The “smarter than you” crowd

| September 30, 2011

You know someone had to say it. al-Awlaki’s death has been ruled murder by the “smarter than you” crowd, beginning with DOCTOR Ron Paul and now Glenn Greenwald;

The vacuous Greenwald goes on to say;

What’s most amazing is that its citizens will not merely refrain from objecting, but will stand and cheer the U.S. Government’s new power to assassinate their fellow citizens, far from any battlefield, literally without a shred of due process from the U.S. Government.

Far from any battlefield? al-Awlaki was far from any battlefield when he encouraged Nidal Hasan to murder 14 American soldiers. In fact, Hasan was far from any battlefield when he did his dirty deed. So was Umar Farouk Abdulmutallab when he lit his drawers on fire and scorched his nuts off over Detroit that fine Christmas day. Carlos Bledsoe was far from any battlefield on that day that he shot two young soldiers outside of a recruiting station in Little Rock after getting his orders from al-Awlaki.

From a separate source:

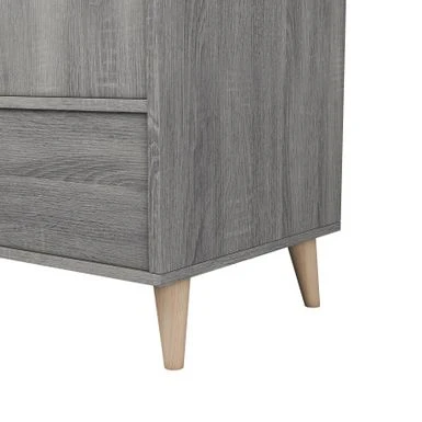 - Distressed grey finish and natural-finish wood legs

Um, Glenn, there is no battlefield and the enemy has no rules of warfare. it should have been made clear to you when Daniel Pearl was beheaded for our television entertainment.

Glen’s bedfellow, Ron Paul said;

“No, I don’t think that’s a good way to deal with our problems,” Paul said in a videotape of the questioning by reporters. Awlaki “was never tried or charged for any crimes. No one knows if he killed anybody. We know he might have been associated with the ‘underwear bomber.’ But if the American people accept this blindly and casually that we now have an accepted practice of the president assassinating people who he thinks are bad guys. I think it’s sad.”

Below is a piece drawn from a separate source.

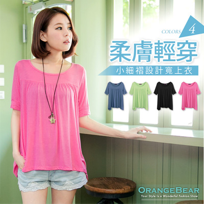 服裝推薦OB嚴選-0901新品 柔膚輕穿~圓領小細褶設計寬擺上衣-4色

Nice try…we had months to “accept this blindly” since the White House announced there were shoot to kill orders on al-Awlaki. If the American people had a problem with this, there would have been outrage and marching in the streets which would have made this president waffle, like he did on Guantanamo.

I guess no one noticed that our enemies in this war don’t exactly fight by the traditional Western European rules of war and in order to beat them, we have to do unorthodox things. And make no mistake, we HAVE to beat them.

Greenwald and Paul are only feeding the terrorists propaganda lines for their next screed.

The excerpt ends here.